Description of the task:
The answer should hold every line of the listing, unchanged and free of images.
- - -
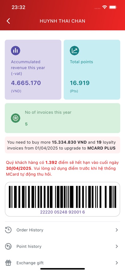 + Đổi điểm lấy quà và phiếu mua hàng
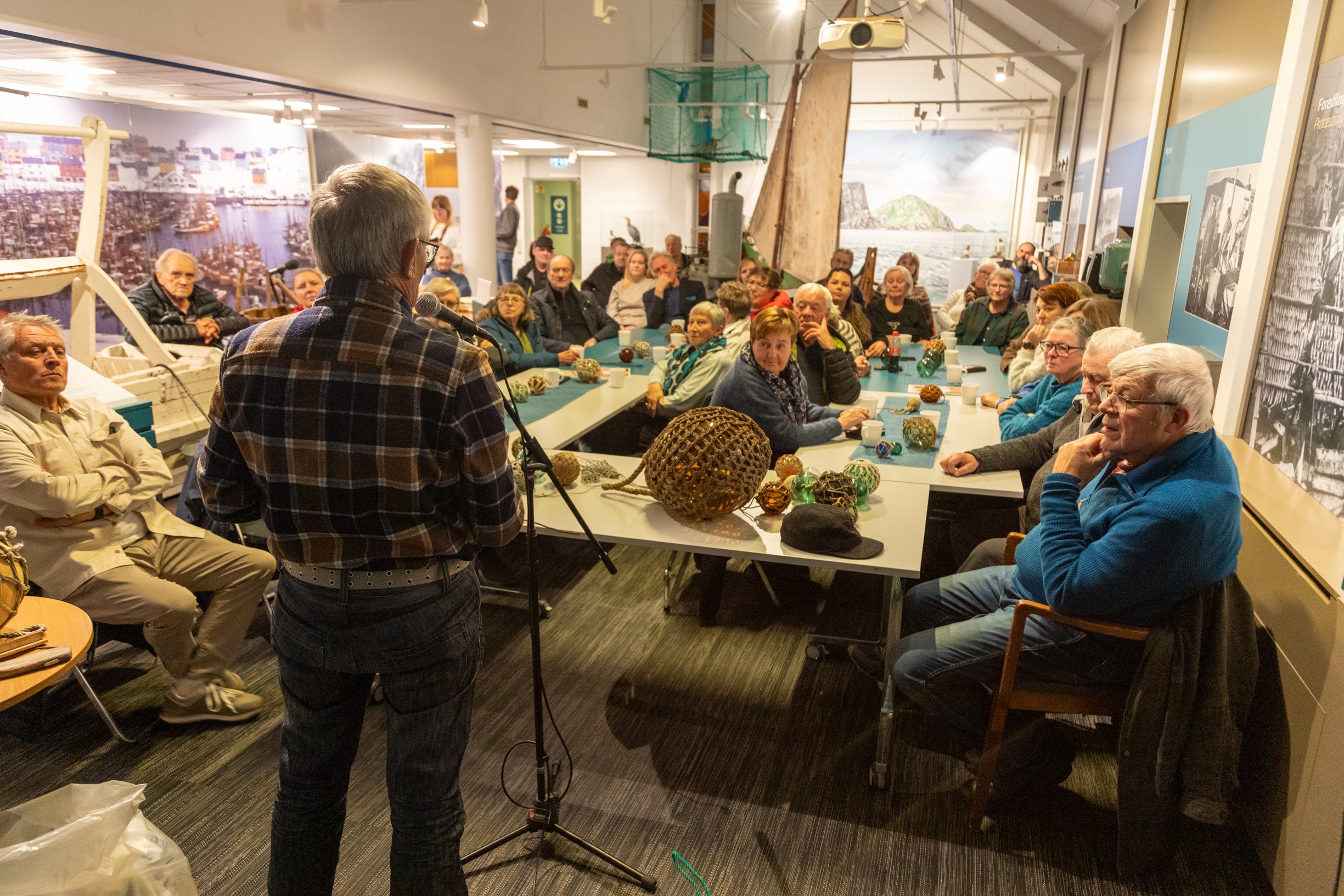 Fredag var det samtale om kystkultur på Nordkappmuseet, med særlig fokus på kavel og kavelhua, glasskulene som tidligere ble brukt som oppdrift på garn. Stein i bunnen av garnet ble brukt som søkke.
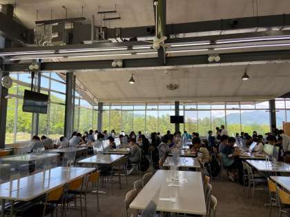 Hakuba47での昼食の様子です。晴天に恵まれて楽しい時間を過ごしています。
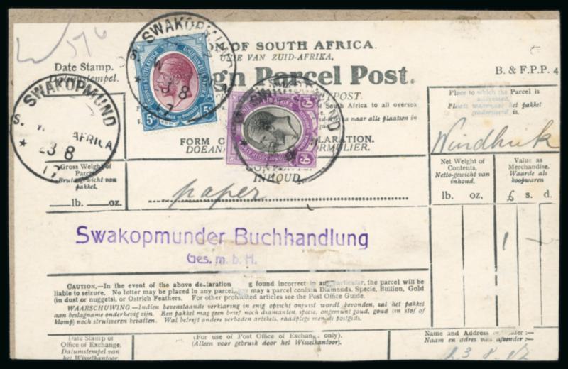 Forerunner: 1917 Union of South Africa Foreign Parcel Post form tied to parcel front from Swakopmunder Book Dealer to Windhuk, bearing 6d. and 5/- tied Swakopmund cds with another strike alongside, a rare commercial item (Image)
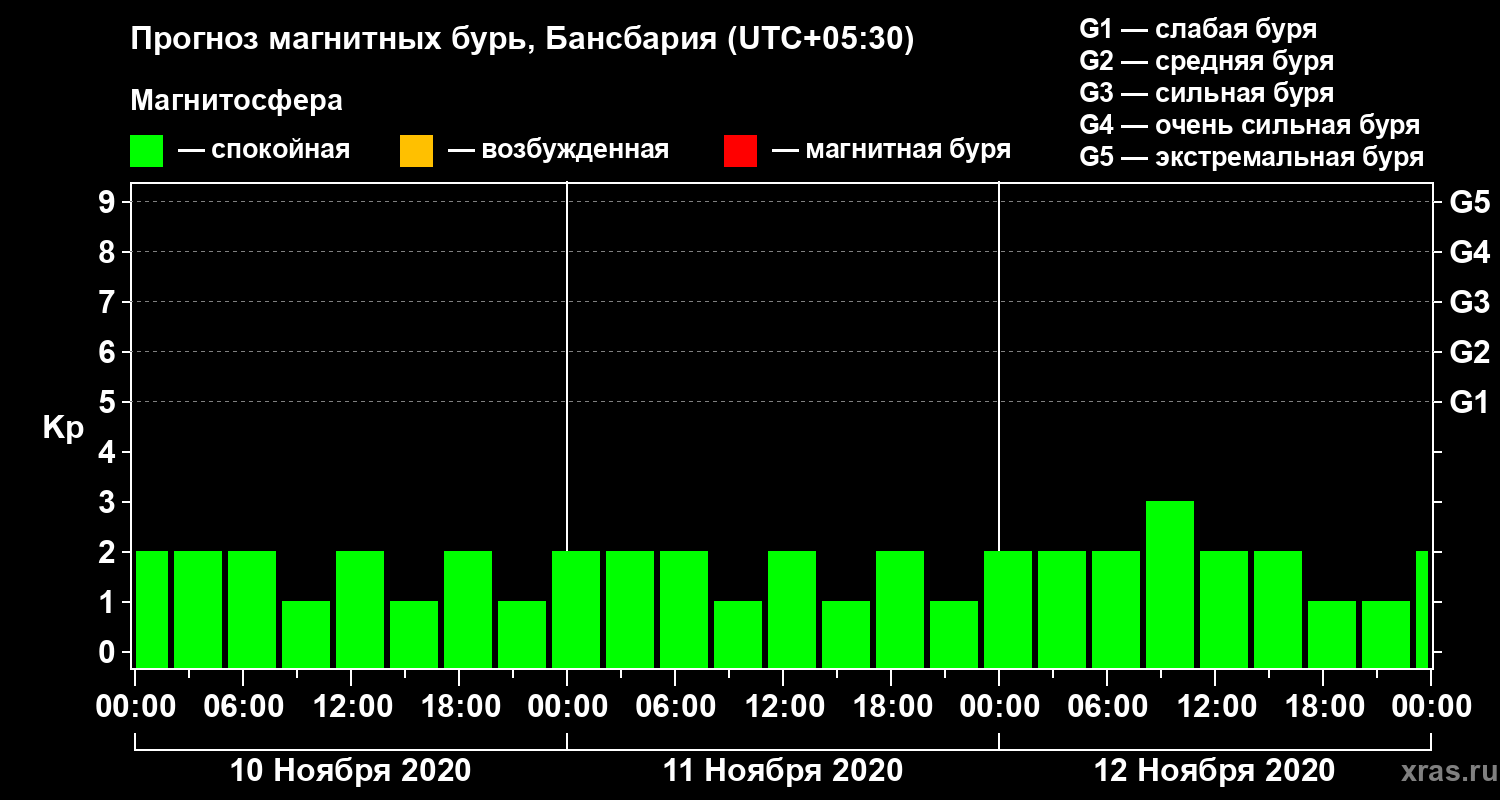 Прогноз магнитных бурь в Бансбарии — 10 ноября 2020 года
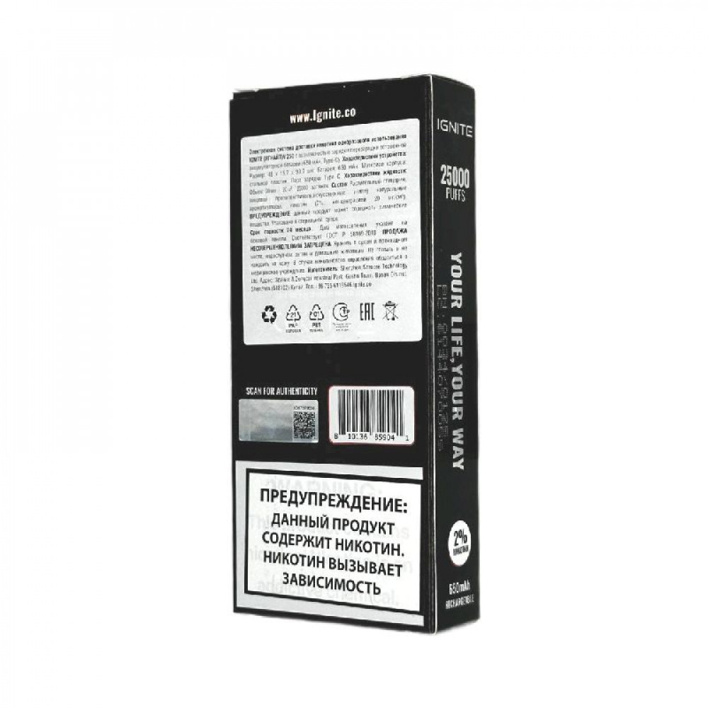 Технические характеристики Электронная сигарета Ignite V250 Black 25000 затяжек - Strawberry Banana (Клубника банан)
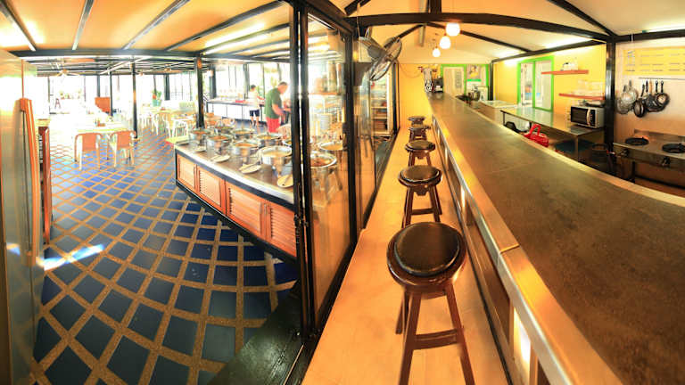 Die Unterkunft bietet verschiedene gastronomische Einrichtungen, darunter ein Restaurant, ein Café und eine Bar. Morgens erwartet die Gäste ein kontinentales Frühstück, das aus einem Buffet-Angebot besteht.
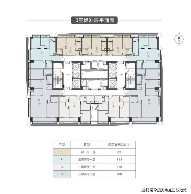 F户型 建筑面积约111㎡ 三房两厅一卫
- - -
Solution to this problem:
 + Đổi điểm lấy quà và phiếu mua hàng
 Fredag var det samtale om kystkultur på Nordkappmuseet, med særlig fokus på kavel og kavelhua, glasskulene som tidligere ble brukt som oppdrift på garn. Stein i bunnen av garnet ble brukt som søkke.
 Hakuba47での昼食の様子です。晴天に恵まれて楽しい時間を過ごしています。
 Forerunner: 1917 Union of South Africa Foreign Parcel Post form tied to parcel front from Swakopmunder Book Dealer to Windhuk, bearing 6d. and 5/- tied Swakopmund cds with another strike alongside, a rare commercial item (Image)
 Прогноз магнитных бурь в Бансбарии — 10 ноября 2020 года
 Технические характеристики Электронная сигарета Ignite V250 Black 25000 затяжек - Strawberry Banana (Клубника банан)
 Die Unterkunft bietet verschiedene gastronomische Einrichtungen, darunter ein Restaurant, ein Café und eine Bar. Morgens erwartet die Gäste ein kontinentales Frühstück, das aus einem Buffet-Angebot besteht.
 F户型 建筑面积约111㎡ 三房两厅一卫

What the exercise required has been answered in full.